US & Global Market Summary
*All updates are as of 11/22, when we last published Factor Spotlight
US Market - 11/22/19 - 12/5/19
- Friday brought with it a blowout November jobs report that showed the US economy had added 266,000 new jobs (~50k of which were striking GM workers returning to work) vs. consensus of 187,000. The unemployment rate returned to a 350-year low of 3.5%.
- The major indices rallied in response to the good jobs report (not captured in above chart), after taking a slight hit earlier in the week from a weaker than expected ISM Manufacturing print - 48.1 in November vs. 48.3 in October, and below consensus of 49.4. The were declines in inventories and new orders.

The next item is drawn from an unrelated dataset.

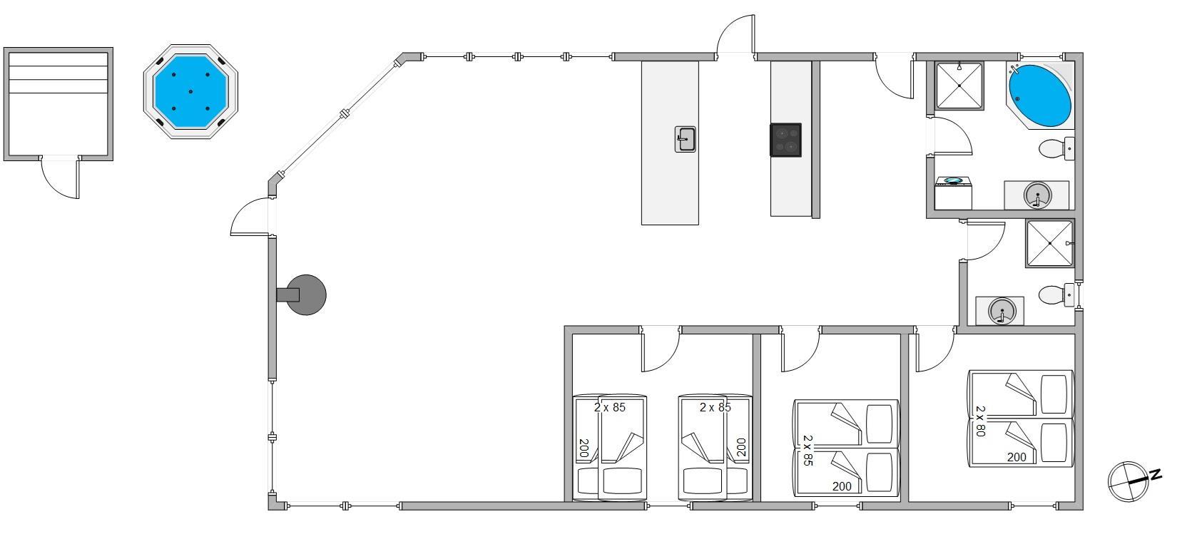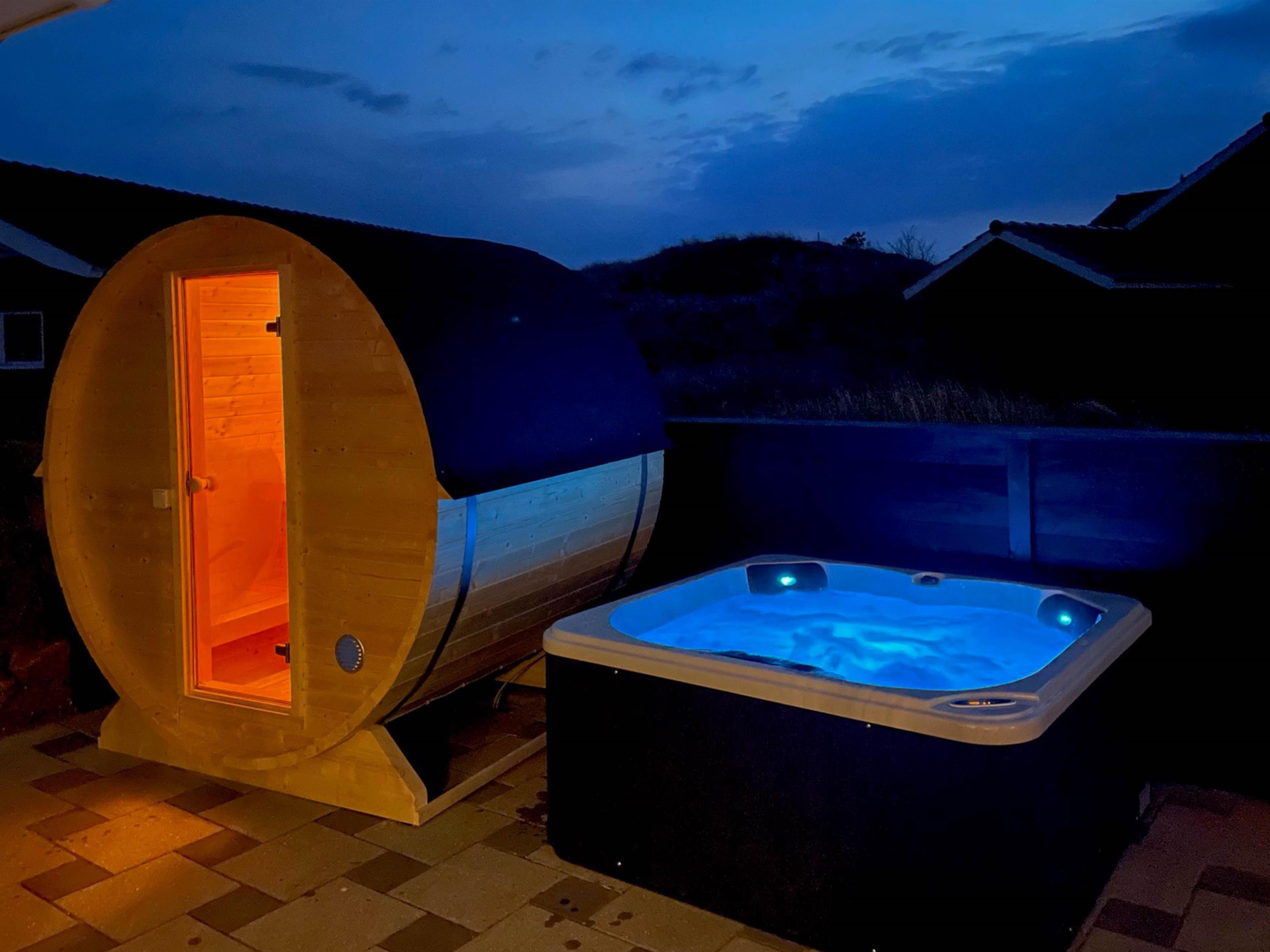 This modern holiday home features two bathrooms, one with a whirlpool that's sure to delight children. After a long walk on a blustery autumn day, you can warm up and unwind in the outdoor sauna. End your evening perfectly in the outdoor hot tub, relaxing under the starlit sky and letting your cares drift away.

- The Fed meets next week, and between comments from Fed officials and the solid employment report we have no expectation of any further rate changes at that time.
Factor Update - US Model
- The rotation out of Value and into Growth continued at a rapid clip, with Value falling by more than 1 standard deviation (into Oversold territory), and Growth gaining +0.96 standard deviations (now flagged as Extremely Overbought).
- Momentum continued to see strength, and is now firmly an Overbought factor at +1.31 SD above the mean.
- Volatility saw slight normalized gains, while Market Sensitivity fell a bit, shedding its Overbought label.
- Profitability continued to fall, plunging -0.76 standard deviations and sitting squarely in Oversold space.
- Ongoing weakness in Earnings Yield precipitated its fall into negative normalized returns space, as it fell nearly one full standard deviation over the past two weeks.
- US Total Risk (using the Russell 3000 as proxy) fell by nearly a full percentage point, to 12.44%.
Factor Update - Worldwide Model
- Global Growth continued to see strength on a normalized basis, up more than a full standard deviation over the past two weeks. Unlike in the US, Value wasn’t the zero sum loser of this trend, as it also saw positive gains.
- Momentum continued its upward trend, and crossed over into Overbought territory after gaining more than half of a standard deviation.
- Volatility and Market Sensitivity both continued to decline, with Market Sensitivity looking poised to cross over into negative territory.
- Earnings Yield was the biggest loser this week, falling to -0.27 SD below the mean merely two weeks after it was labeled as an Overbought factor.
- Global Risk (using the ACWI as proxy) also saw a sizable decline of 76 bps.